**EXERCISE PROMPT:** Output every record verbatim, and omit each picture.

Collected data entries

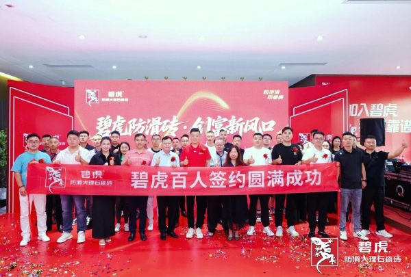 本次战略发布会期间,招商热度再攀高峰:现场举行百人签约仪式,新客户锁定签约 43 城,老客户续签不断。这一数一数二的陶瓷行业招商战绩,背后是经销商对碧虎 “品牌有卖点、防滑可体验、终端有帮扶”的认可,【签约即火爆】【开业就盈利】是碧虎品牌对客户最好的承诺,更是市场对防滑瓷砖赛道潜力的肯定。
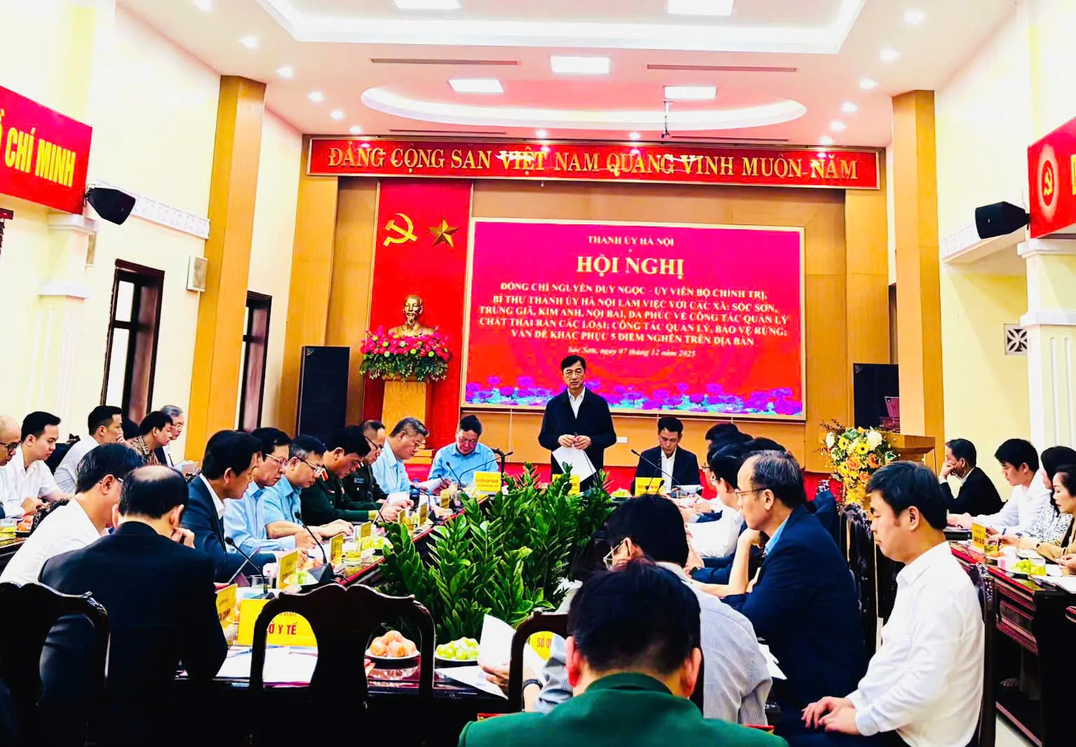 Kinhtedothi - Ngày 7/12, Ủy viên Bộ Chính trị, Bí thư Thành ủy Hà Nội Nguyễn Duy Ngọc đã chủ trì buổi làm việc với lãnh đạo 5 xã Sóc Sơn, Nội Bài, Trung Giã, Đa Phúc, Kim Anh về tình hình thực hiện nhiệm vụ chính trị, phát triển kinh tế - xã hội, chỉ đạo tháo gỡ khó khăn trong công tác quản lý chất thải rắn, quản lý, bảo vệ rừng, và sự tham gia của các xã cùng Thành phố giải quyết 5 điểm nghẽn (ngập úng, ùn tắc giao thông, vệ sinh môi trường, ô nhiễm không khí, an toàn thực phẩm và trật tự đô thị).
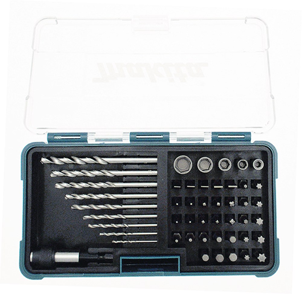 Assortiment van diverse boren en schroefbits. 48-delige boor- en schroefset. Inhoud: HSS-G metaalboren 1,5/2/2,5/3/3,5/4/4,5/5/6mm, schroefbits 25mm: PH1 (2), PH2 (2), PH3, PZ1 (2), PZ2 (2), PZ3, SL4,5, SL5,5 (2), SL6,5 (2), T10, T15 (2), T20 (2), T25 (2), T30 (2), T40, HEX2, HEX2,5, HEX3, HEX4, HEX5 (2), HEX6 (2), bitdoppen 4/5/6/8/10mm een magnetische bithouder 60mm.
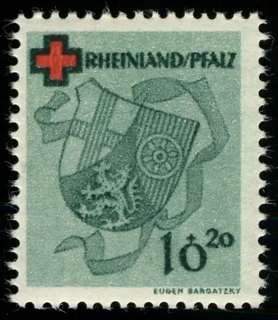 Rhénanie-Palatinat 42A Croix-Rouge 10 Pf. dentées **
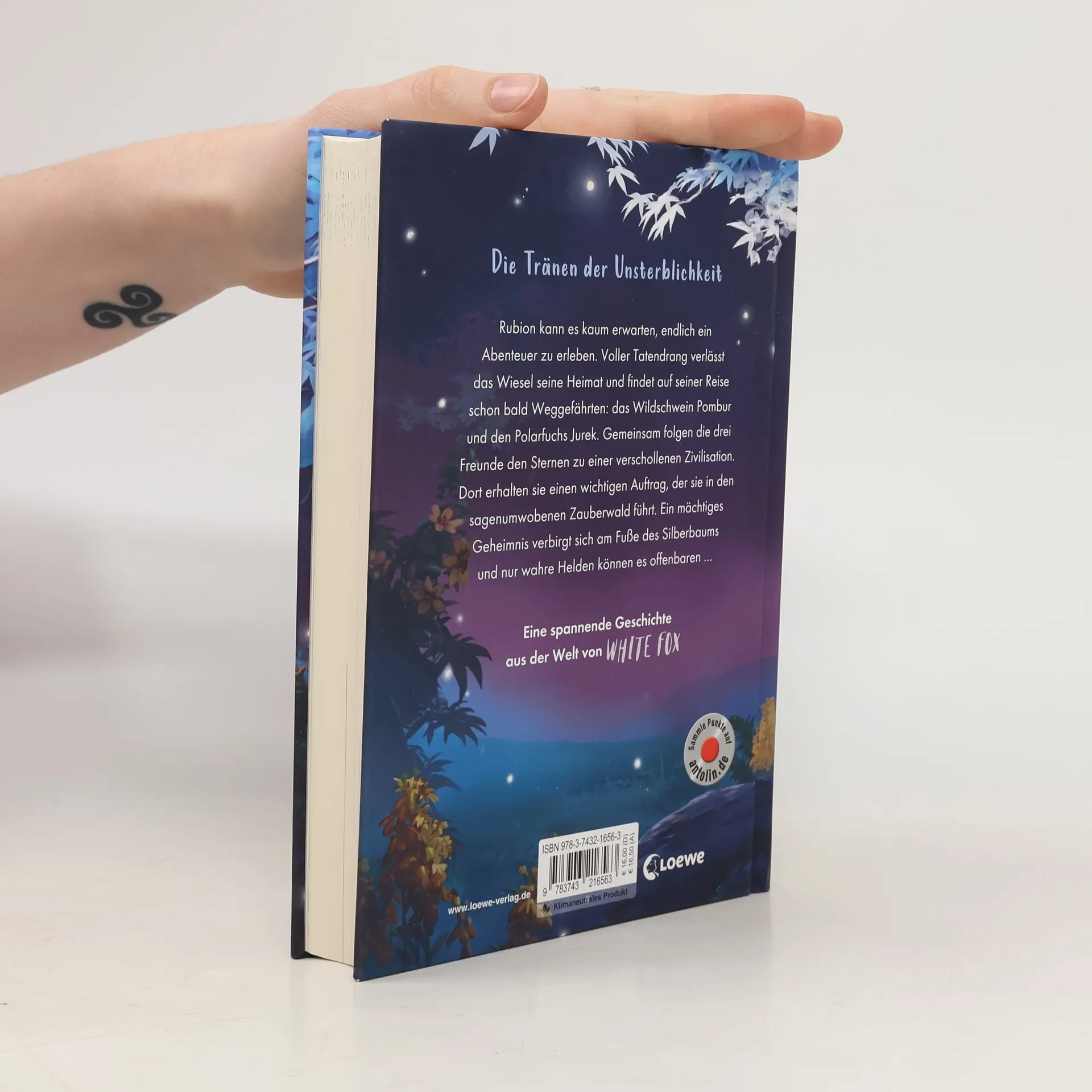 Rubion, der Held aus Eichendorf, sehnt sich nach einem Abenteuer in der weiten Welt. Er verlässt sein Heimatdorf und trifft bald auf Waschbären, die in Not sind und um Hilfe bitten. Gemeinsam mit seinen neuen Freunden begibt sich Rubion in den Zauberwald, wo sie den uralten Silberbaum entdecken, der ein mächtiges Geheimnis birgt. Diese spannende Geschichte aus der Welt von White Fox, geschrieben von dem chinesischen Bestseller-Autor Jiatong Chen, ist der fünfte Band der großen Tierfantasy für Leser ab 9 Jahren. Hier treffen Coolness und Magie auf Spannung, Action und Natur. Es erwartet die Leser ein packendes Abenteuer rund um ein gewitztes Wiesel, eine große Mission und eine gefährliche Reise. In dieser modernen Parabel sind Gut und Böse sowie Freunde und Feinde eng miteinander verbunden. Die stimmungsvollen Schwarz-Weiß-Illustrationen von Viola Wang ergänzen die Erzählung. Ideal für Fantasy-Fans von Woodwalkers und Animox. Der Titel ist bei Antolin gelistet. Die White Fox-Reihe umfasst mehrere Bände, darunter die Vorgeschichte und weitere Abenteuer im White-Fox-Universum. Zudem gibt es eine neue Reihe von Jiatong Chen über geheimnisvolle Traumwelten. Klimaneutrales Produkt – unterstützt ausgewählte Klimaprojekte!

**TASK RESPONSE:**
 本次战略发布会期间,招商热度再攀高峰:现场举行百人签约仪式,新客户锁定签约 43 城,老客户续签不断。这一数一数二的陶瓷行业招商战绩,背后是经销商对碧虎 “品牌有卖点、防滑可体验、终端有帮扶”的认可,【签约即火爆】【开业就盈利】是碧虎品牌对客户最好的承诺,更是市场对防滑瓷砖赛道潜力的肯定。
 Kinhtedothi - Ngày 7/12, Ủy viên Bộ Chính trị, Bí thư Thành ủy Hà Nội Nguyễn Duy Ngọc đã chủ trì buổi làm việc với lãnh đạo 5 xã Sóc Sơn, Nội Bài, Trung Giã, Đa Phúc, Kim Anh về tình hình thực hiện nhiệm vụ chính trị, phát triển kinh tế - xã hội, chỉ đạo tháo gỡ khó khăn trong công tác quản lý chất thải rắn, quản lý, bảo vệ rừng, và sự tham gia của các xã cùng Thành phố giải quyết 5 điểm nghẽn (ngập úng, ùn tắc giao thông, vệ sinh môi trường, ô nhiễm không khí, an toàn thực phẩm và trật tự đô thị).
 Assortiment van diverse boren en schroefbits. 48-delige boor- en schroefset. Inhoud: HSS-G metaalboren 1,5/2/2,5/3/3,5/4/4,5/5/6mm, schroefbits 25mm: PH1 (2), PH2 (2), PH3, PZ1 (2), PZ2 (2), PZ3, SL4,5, SL5,5 (2), SL6,5 (2), T10, T15 (2), T20 (2), T25 (2), T30 (2), T40, HEX2, HEX2,5, HEX3, HEX4, HEX5 (2), HEX6 (2), bitdoppen 4/5/6/8/10mm een magnetische bithouder 60mm.
 Rhénanie-Palatinat 42A Croix-Rouge 10 Pf. dentées **
 Rubion, der Held aus Eichendorf, sehnt sich nach einem Abenteuer in der weiten Welt. Er verlässt sein Heimatdorf und trifft bald auf Waschbären, die in Not sind und um Hilfe bitten. Gemeinsam mit seinen neuen Freunden begibt sich Rubion in den Zauberwald, wo sie den uralten Silberbaum entdecken, der ein mächtiges Geheimnis birgt. Diese spannende Geschichte aus der Welt von White Fox, geschrieben von dem chinesischen Bestseller-Autor Jiatong Chen, ist der fünfte Band der großen Tierfantasy für Leser ab 9 Jahren. Hier treffen Coolness und Magie auf Spannung, Action und Natur. Es erwartet die Leser ein packendes Abenteuer rund um ein gewitztes Wiesel, eine große Mission und eine gefährliche Reise. In dieser modernen Parabel sind Gut und Böse sowie Freunde und Feinde eng miteinander verbunden. Die stimmungsvollen Schwarz-Weiß-Illustrationen von Viola Wang ergänzen die Erzählung. Ideal für Fantasy-Fans von Woodwalkers und Animox. Der Titel ist bei Antolin gelistet. Die White Fox-Reihe umfasst mehrere Bände, darunter die Vorgeschichte und weitere Abenteuer im White-Fox-Universum. Zudem gibt es eine neue Reihe von Jiatong Chen über geheimnisvolle Traumwelten. Klimaneutrales Produkt – unterstützt ausgewählte Klimaprojekte!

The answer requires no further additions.